Video assetization is still in its early days. Longer contexts (3+ hours), richer multimodal conditioning (multiple entities, each with dozens of reference images), and extending the same structured-extraction framing beyond video to other containerized assets like audio and podcasts — these are what we're building next.

The bigger challenge, though, is building an evaluation framework that scales alongside the capabilities. As video-language models grow more capable, failure modes get more subtle, and evaluation has to get sharper to keep up.

Most enterprise video archives still go untouched. Extracting value from them isn't just about better models. It's about being able to measure whether the model is actually finding the right moments — and describing them correctly.

Broadcasters, sports leagues, media companies, and enterprise platforms sit on petabyte-scale video archives. Most of that content is what we call dark video — it exists, but you can't search it, it isn't structured, and you can't operate on it at the level of meaning.

The reason is almost embarrassingly simple: video isn't text.

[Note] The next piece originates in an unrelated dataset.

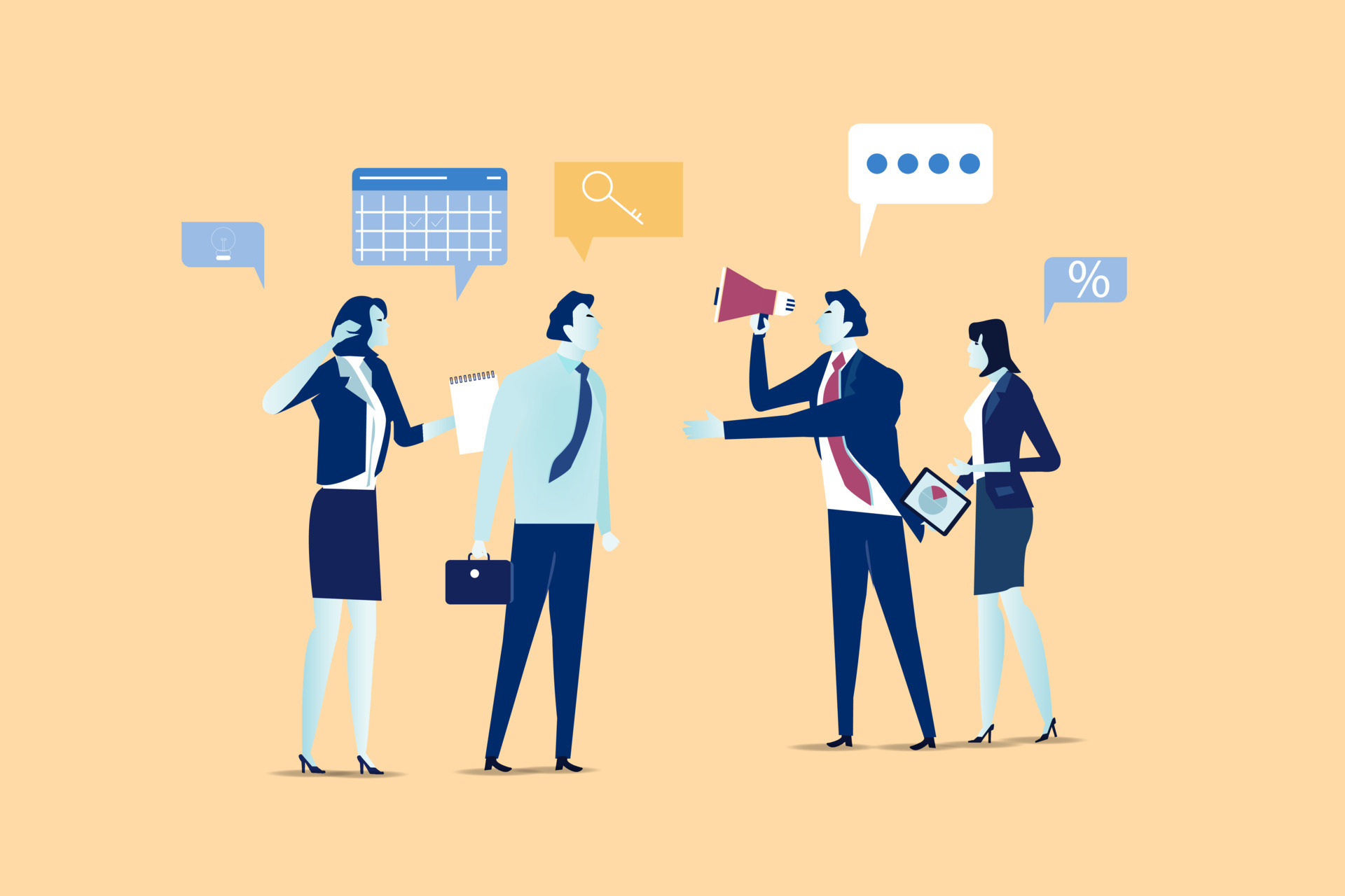 Business Team Working In Progress People With Lots Speech Bubbles And

You can't grep a video file, and SELECT * FROM video WHERE scene = 'scoring_play' isn't a thing. For video to carry economic value, it first has to be broken down into structured segments and machine-readable metadata. We call this video assetization.

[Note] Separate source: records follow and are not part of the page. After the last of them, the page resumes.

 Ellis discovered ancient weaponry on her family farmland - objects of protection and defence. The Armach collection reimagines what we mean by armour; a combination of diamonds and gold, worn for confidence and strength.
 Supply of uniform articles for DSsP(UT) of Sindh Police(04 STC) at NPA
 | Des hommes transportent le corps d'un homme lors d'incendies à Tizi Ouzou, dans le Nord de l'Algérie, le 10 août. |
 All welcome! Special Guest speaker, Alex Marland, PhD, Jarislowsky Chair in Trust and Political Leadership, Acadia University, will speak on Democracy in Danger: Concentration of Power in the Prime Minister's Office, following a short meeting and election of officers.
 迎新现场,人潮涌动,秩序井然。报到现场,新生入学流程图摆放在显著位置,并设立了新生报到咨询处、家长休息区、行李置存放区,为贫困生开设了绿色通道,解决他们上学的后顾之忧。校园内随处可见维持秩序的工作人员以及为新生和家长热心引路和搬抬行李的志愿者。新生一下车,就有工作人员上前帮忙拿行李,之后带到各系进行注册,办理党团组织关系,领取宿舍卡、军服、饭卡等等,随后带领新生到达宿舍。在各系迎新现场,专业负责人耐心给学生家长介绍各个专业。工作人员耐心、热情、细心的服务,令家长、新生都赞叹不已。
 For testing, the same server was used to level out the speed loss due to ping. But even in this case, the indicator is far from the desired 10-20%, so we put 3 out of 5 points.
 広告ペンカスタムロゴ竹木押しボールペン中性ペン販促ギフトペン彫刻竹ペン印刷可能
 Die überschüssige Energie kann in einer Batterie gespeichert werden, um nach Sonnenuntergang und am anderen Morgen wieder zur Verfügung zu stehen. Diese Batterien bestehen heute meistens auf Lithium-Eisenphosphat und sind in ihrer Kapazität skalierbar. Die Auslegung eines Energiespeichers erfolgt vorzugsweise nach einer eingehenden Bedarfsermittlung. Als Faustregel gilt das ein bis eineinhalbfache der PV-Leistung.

This post is the story of how we've built Time-Based Metadata (TBM) and the evaluation system around it. One thing has become clear along the way: designing and evaluating temporally-grounded video understanding requires a different approach from what works for text or image models.


1. The Assetization Gap: What Customers Actually Want

Picture a broadcaster managing a 200,000-hour news archive. Today, that work is done by hand. Archivists manually log each segment, tag stories, identify speakers, and mark topic boundaries. It costs roughly $15 per hour of video, and budgets are shrinking. This simply doesn't scale.

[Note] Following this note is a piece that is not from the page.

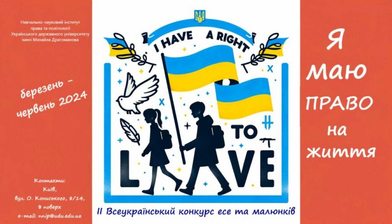 У березні-червні 2024 року Навчально-науковий інститут права та політології УДУ імені Михайла Драгоманова за підтримки міністерств і відомств проводить ІІ-ий Всеукраїнський конкурс есе та малюнків «Я маю ПРАВО на життя»!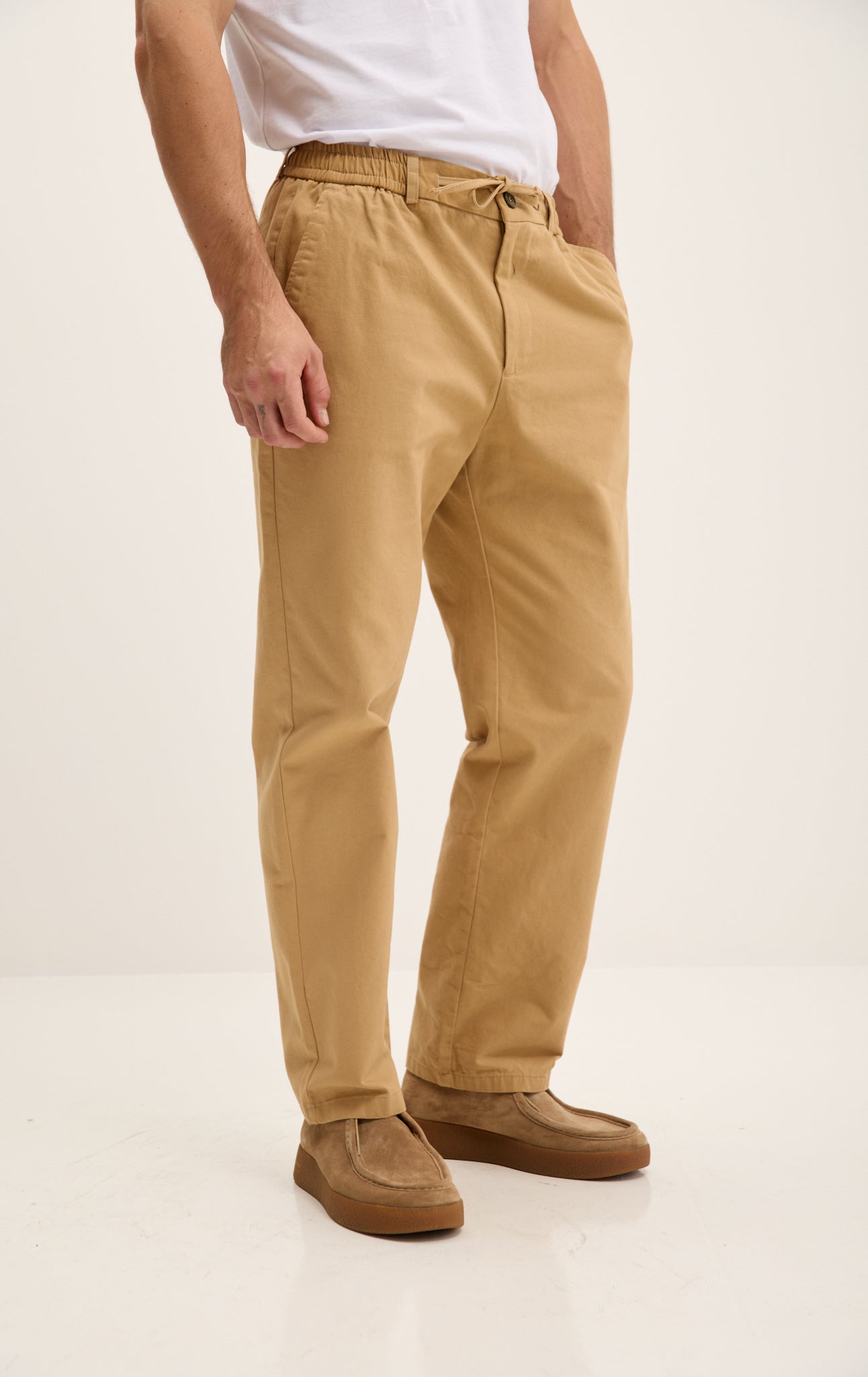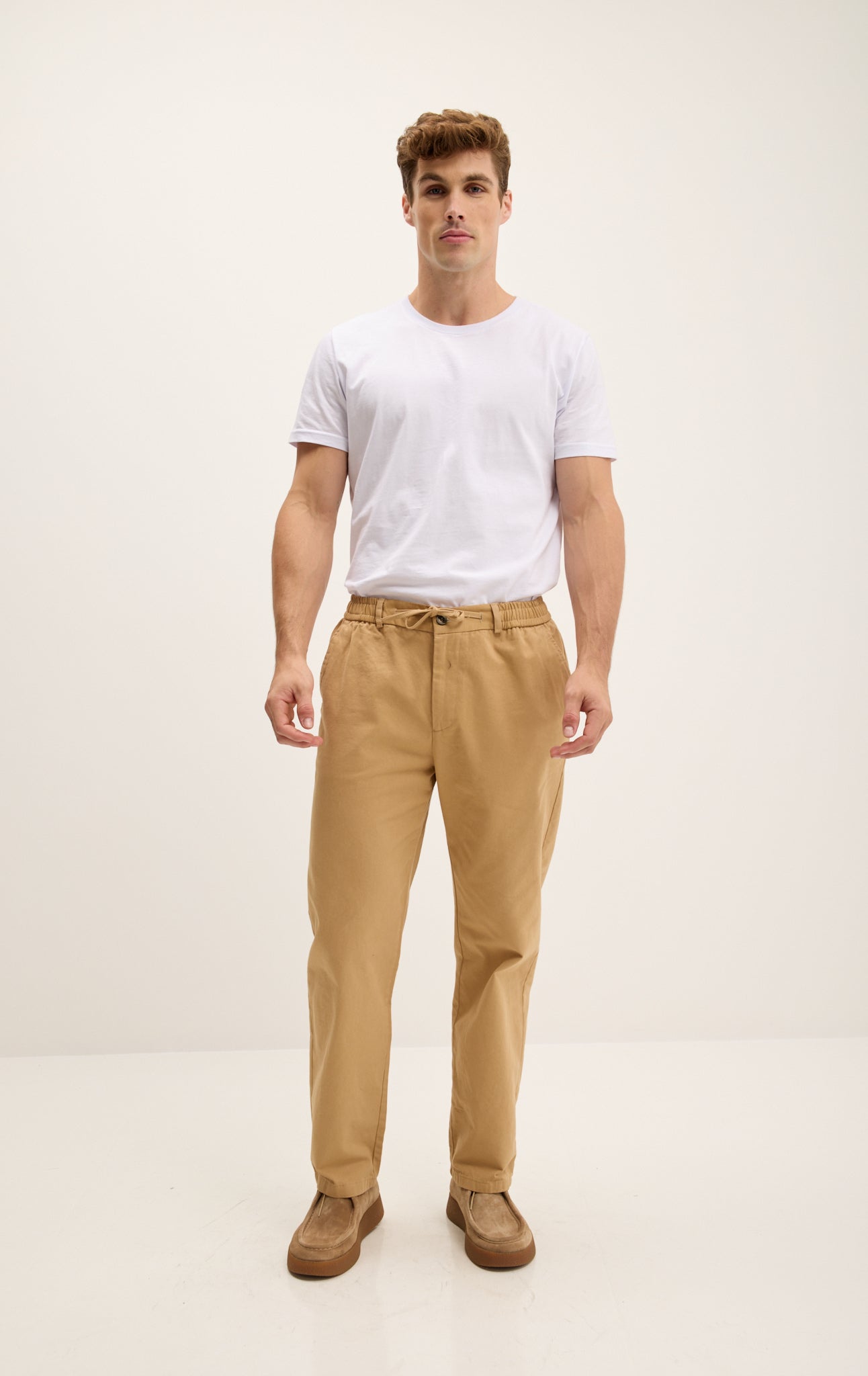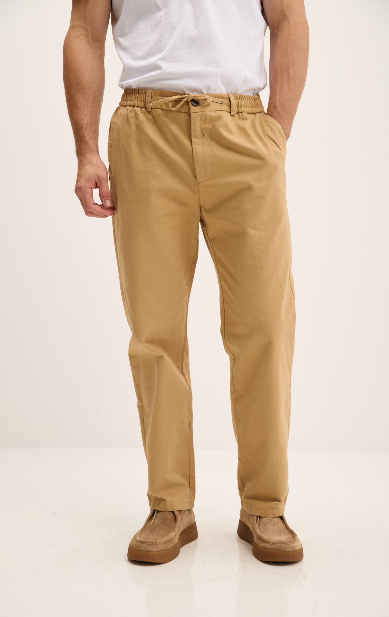Relaxed Drawstring Casual Cotton Pants - Camel

Or take a CPG brand trying to track its product placements across thousands of influencer videos. They need every moment a creator speaks to camera while the product is on screen. It's not enough to know the product appeared — they need to know exactly when, how prominently, and in what context.

These aren't hypotheticals. Broadcast archive management, sports highlight automation, brand intelligence, compliance auditing — nearly every enterprise video workload we encounter demands two independent things at once:

  1. Precise temporal boundaries: where does each segment start and end?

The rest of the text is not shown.